Numpy array indexing behavior

Question

I was playing with numpy array indexing and find this odd behavior. When I index with np.array or list it works as expected:

 In[1]: arr = np.arange(10).reshape(5,2)
        arr[ [1, 1] ]
Out[1]: array([[2, 3],
               [2, 3]])

But when I put tuple, it gives me a single element:

 In[1]: arr = np.arange(10).reshape(5,2)
        arr[ (1, 1) ]
Out[1]: 3

Also some kind of this strange tuple vs list behavior occurs with arr.flat:

 In[1]: arr = np.arange(10).reshape(5,2)

 In[2]: arr.flat[ [3, 4] ]
Out[2]: array([3, 4])

 In[3]: arr.flat[ (3, 4) ]
Out[3]: IndexError: unsupported iterator index

I can't understand what is going on under the hood? What difference between tuple and list in this case?

Python 3.5.2
NumPy 1.11.1

Answer 1

What's happening is called fancy indexing, or advanced indexing. There's a difference between indexing with slices, or with a list/array. The trick is that multidimensional indexing actually works with tuples due to the implicit tuple syntax:

import numpy as np
arr = np.arange(10).reshape(5,2)
arr[2,1] == arr[(2,1)] # exact same thing: 2,1 matrix element

However, using a list (or array) inside an index expression will behave differently:

arr[[2,1]]

will index into arr with 1, then with 2, so first it fetches arr[2]==arr[2,:], then arr[1]==arr[1,:], and returns these two rows (row 2 and row 1) as the result.

It gets funkier:

print(arr[1:3,0:2])
print(arr[[1,2],[0,1]])

The first one is regular indexing, and it slices rows 1 to 2 and columns 0 to 1 inclusive; giving you a 2x2 subarray. The second one is fancy indexing, it gives you arr[1,0],arr[2,1] in an array, i.e. it indexes selectively into your array using, essentially, the zip() of the index lists.

Now here's why flat works like that: it returns a flatiter of your array. From help(arr.flat):

class flatiter(builtins.object)
 |  Flat iterator object to iterate over arrays.
 |  
 |  A `flatiter` iterator is returned by ``x.flat`` for any array `x`.
 |  It allows iterating over the array as if it were a 1-D array,
 |  either in a for-loop or by calling its `next` method.

So the resulting iterator from arr.flat behaves as a 1d array. When you do

arr.flat[ [3, 4] ]

you're accessing two elements of that virtual 1d array using fancy indexing; it works. But when you're trying to do

arr.flat[ (3,4) ]

you're attempting to access the (3,4) element of a 1d (!) array, but this is erroneous. The reason that this doesn't throw an IndexError is probably only due to the fact that arr.flat itself handles this indexing case.

Answer 2

In [387]: arr=np.arange(10).reshape(5,2)

With this list, you are selecting 2 rows from arr

In [388]: arr[[1,1]]
Out[388]: 
array([[2, 3],
       [2, 3]])

It's the same as if you explicitly marked the column slice (with : or ...)

In [389]: arr[[1,1],:]
Out[389]: 
array([[2, 3],
       [2, 3]])

Using an array instead of a list works: arr[np.array([1,1]),:]. (It also eliminates some ambiguities.)

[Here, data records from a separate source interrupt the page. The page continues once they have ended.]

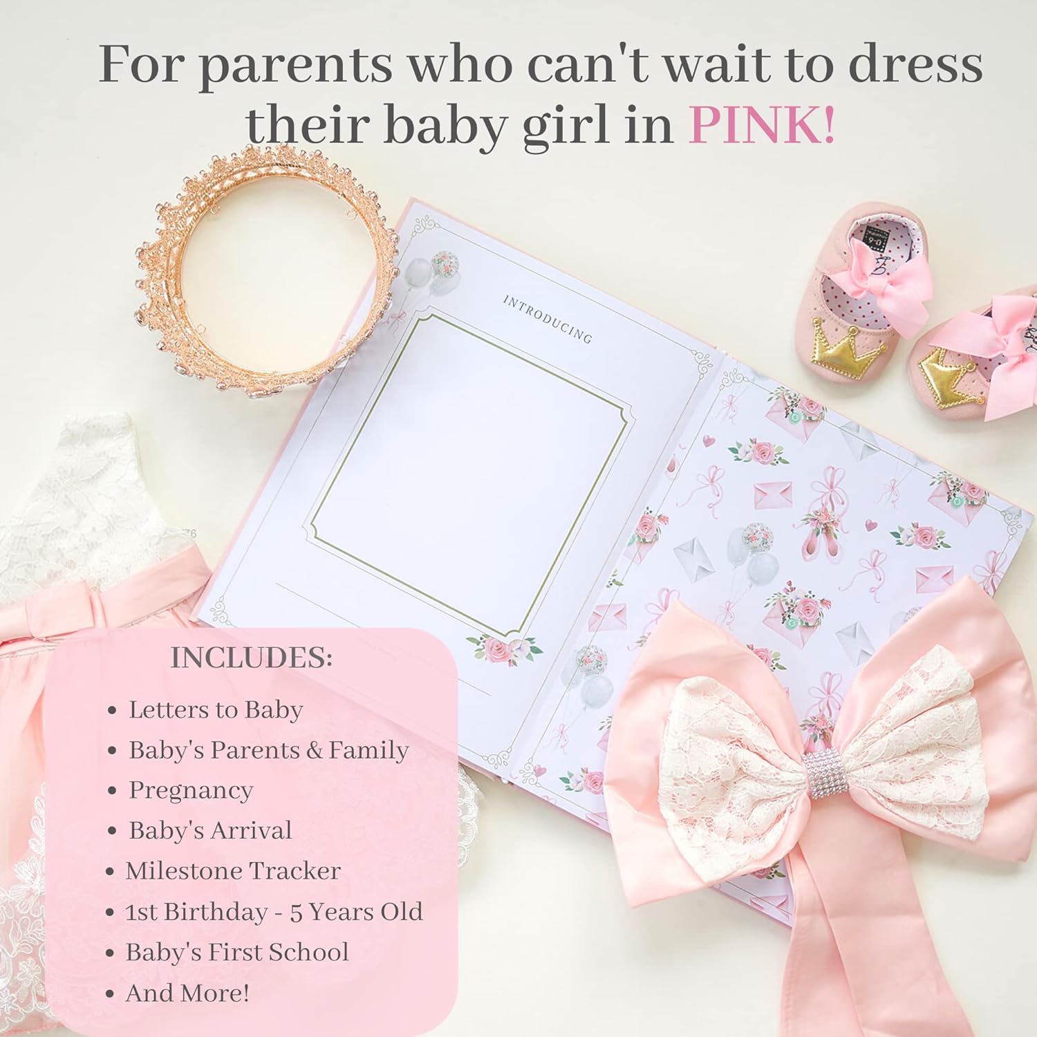 Princess Baby Memory Book Kit. Baby Journal Scrapbook with Keepsake Box, Pouches and Boho Milestone Stickers. Girl Baby Album First Year to 5. Princess Baby Gift for Girl or Boy
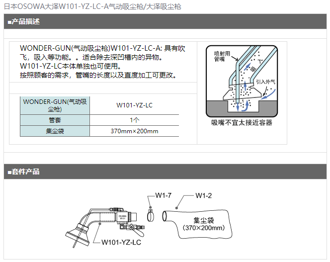 日本OSAWA大澤W101-YZ-LC-A氣動(dòng)吸塵槍
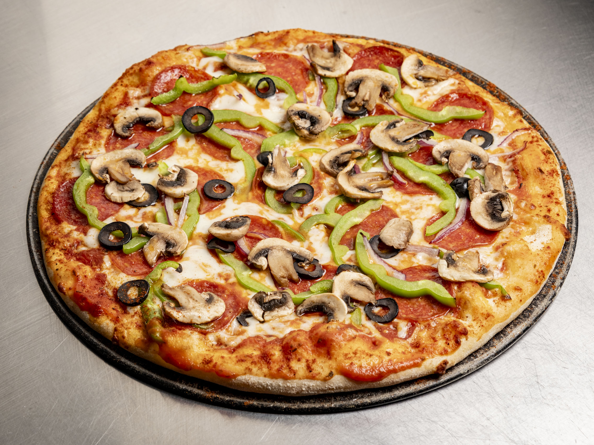 SALSA DE TOMATE, 2 QUESOS, MORRON, CEBOLLA, ACEITUNA, PEPPERONI Y CHAMPIÑON.
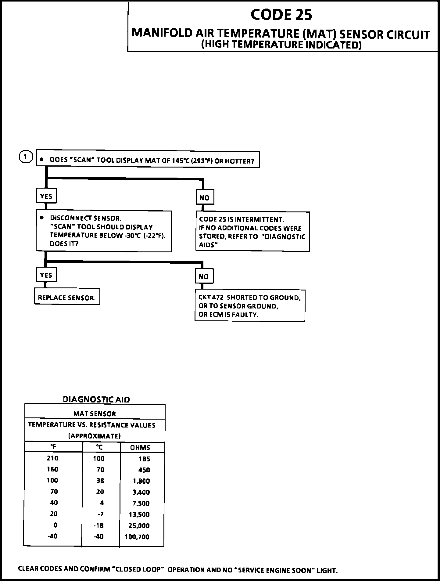 A "Scan" tool reads temperature of the air entering the engine and should read close to ambient air temperature, when engine is cold, and rises as underhood temperature increases. A faulty connection, or an open in CKT 472 or 452 will result in a Code 23. Refer to TESTING PROCEDURES/DIAGNOSIS BY SYMPTOM/INTERMITTENTS.
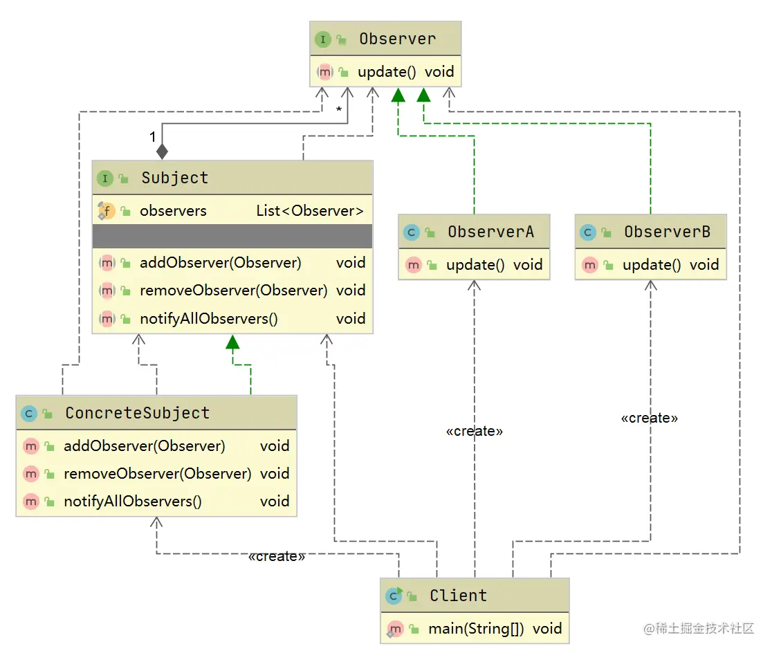 - 抽象被观察者(Subject)角色:也就是一个抽象主题,它把所有对观察者对象的引用保存在一个集合中,每个主题都可以有任意数量的观察者。抽象主题提供一个接口,可以增加和删除观察者角色。一般用一个抽象类和接口来实现。
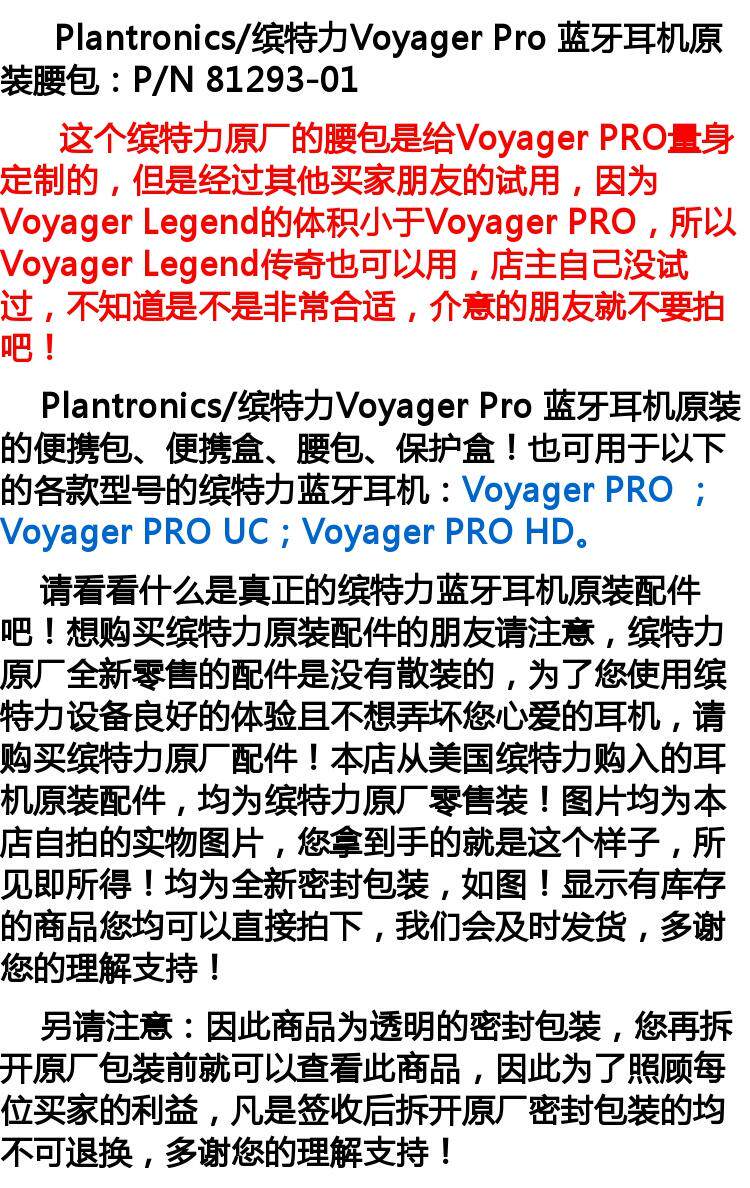 参数信息 品牌 Plantronics/缤特力 型号 Voyager Legend 材质 硅胶 风格 商务 适用的耳机品牌 其他 颜色分类 缤特力原厂正品塑封零售装 触感 软壳 图文详情
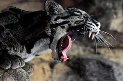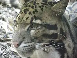 Felis nebulosa was proposed by Edward Griffith in 1821 who first described a skin of a clouded leopard that was brought alive from Guangdong in China to the menagerie at Exeter Exchange in London.[3] Felis macrosceloides proposed by Brian Houghton Hodgson in 1841 was a clouded leopard specimen from Nepal.[4][5] Felis brachyura proposed by Robert Swinhoe in 1862 was a clouded leopard skin from Taiwan.[6] The generic name Neofelis was proposed by John Edward Gray in 1867 who subordinated all three to this genus.[7] At present, N. nebulosa is considered a monotypic species due to lack of evidence for subspeciation.[8]

With the tuple, the result is the same as if you wrote the indexing without the tuple wrapper. So it selects an element with row index of 1, column index of 1.

In [390]: arr[(1,1)]
Out[390]: 3
In [391]: arr[1,1]
Out[391]: 3

The arr[1,1] is translated by the interpreter to arr.__getitem__((1,1)). As is common in Python 1,1 is shorthand for (1,1).

In the arr.flat cases you are indexing the array as if it were 1d. np.arange(10)[[2,3]] selects 2 items, while np.arange(10)[(2,3)] is 2d indexing, hence the error.

A couple of recent questions touch on a messier corner case. Sometimes the list is treated as a tuple. The discussion might be enlightening, but don't go there if it's confusing.

Advanced slicing when passed list instead of tuple in numpy

numpy indexing: shouldn't trailing Ellipsis be redundant?